One of the highlights of the June 11-16, 2002 American Theater Critics Association conference in Chicago was a lunchtime Q & A with composer Jerry Herman at the new Goodman Theater. Herman, born in Manhattan, now makes his home in L.A. "because I wanted to wake up every morning and see something green; I just wanted the climate and beauty Southern California offers."
He comes by his love of theater naturally: "My parents were musical theater buffs and took me to all the Broadway musicals." Herman said he was inspired by such shows as Oklahoma!, Annie Get Your Gun and Brigadoon. He would come home and play by ear the songs he had just heard. Herman said he wanted to become an architect and enrolled in the Parsons School of Design. His 'Mama Rose' had other ideas and recognized his musical gift. She took it upon herself to make an appointment for Jerry to meet with Frank Loesser and play for him. Jerry journeyed from his home in New Jersey to keep that appointment in New York, and the rest, as they say, is history. His leading ladies are a virtual who's who of Broadway legends including Ethel Merman, Mary Martin, Carol Channing, Pearl Bailey, and Molly Picon.

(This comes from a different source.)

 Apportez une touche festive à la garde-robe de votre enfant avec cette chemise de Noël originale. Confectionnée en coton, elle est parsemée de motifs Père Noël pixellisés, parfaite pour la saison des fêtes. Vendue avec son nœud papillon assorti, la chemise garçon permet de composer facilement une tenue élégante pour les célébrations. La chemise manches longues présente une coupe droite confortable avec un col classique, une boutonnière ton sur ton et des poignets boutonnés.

Yet Herman's architecture background did not go to waste, as he utilized it to inform his shows. Of Dolly!, Herman said, "I visualize every song that I write, and I could see all the waiters in green. I told Gower Champion (Dolly's director) that it contrasted with Dolly's red gown." In a show of trust for his visual acumen, "Theoni Aldredge allowed me to choose the fabrics and colors for La Cage Aux Folles." "The musical theater is all about collaboration," Herman added as he discussed the importance of the gestation period.

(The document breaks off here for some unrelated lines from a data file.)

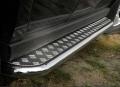 Боковые пороги на Jeep Grand Cherokee с алюминиевым профилем не боятся коррозии, сколов и царапин и выдерживают большие нагрузки. Боковые подножки-пороги с листом из алюминия сделаны специально для автомобилей Jeep Grand Cherokee от 2013 г.в., легко устанавливаются и стильно смотрятся.
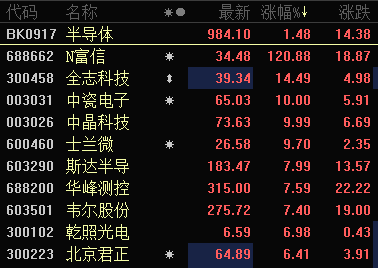 金融界網4月1日消息,半導體板塊漲勢強勁,細分領域汽車芯片概念漲幅居前,全志科技(行情300458,診股)、韋爾股份(行情603501,診股)、銀河微電(行情688689,診股)、新潔能(行情605111,診股)、立昂微(行情605358,診股)等多股大幅拉升。
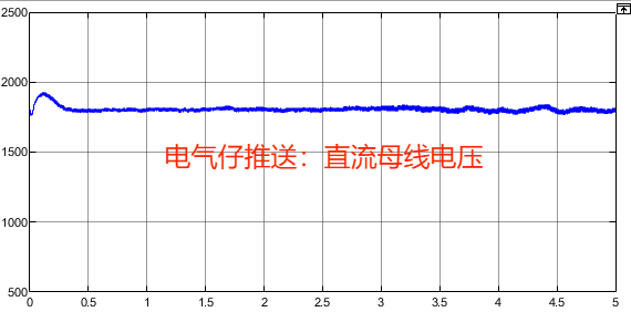 上图为直流母线电压的输出波形,随着风机风速变化,直流母线电压也会随之波动,因为背靠背式变流器的调节作用,电压仍能维持在1800V。

The one-hour ATCA program was moderated by Chicago member Jonathan Abarbanel, who coaxed Herman away from a program he was conducting on musical theater for high school and college students at DePaul University. It is part of his Jerry Herman Legacy Tour which he described as "probably the most important thing I've ever done in my life."
Herman's concept album on CD, "Miss Spectacular," was released in June 2002 by DRG Records and features Christine Baranski, Faith Prince, Steve Lawrence, Davis Gaines, Michael Feinstein and Karen Morrow. Commissioned as a Las Vegas revue, the piece marks the first time Herman has done an album prior to a show. He is currently negotiating with an unnamed network to do Mame with the original script by Jerome Lawrence and Robert E. Lee. (They were relative unknowns when the late Margo Jones, a Texas pioneer of theater-in-the-round, produced their seminal play about the infamous Scopes Monkey Trial, Inherit the Wind, in its world premiere at her Theater '55 in Dallas, January 1955 (the theater changed its name each New Years Eve). Herman is adamant about not letting the network rewrite Mame: "I let it happen twice before, and I got hurt." ("Mame" the movie, starring Lucille Ball; and Hello, Dolly!, starring Barbra Streisand). Herman says of his tete a tetes with the network: "We're still talking." When asked why the network wants to change the script, Herman was equally candid: "I don't know; they have these people sitting behind these desks, and I think they think it's their job."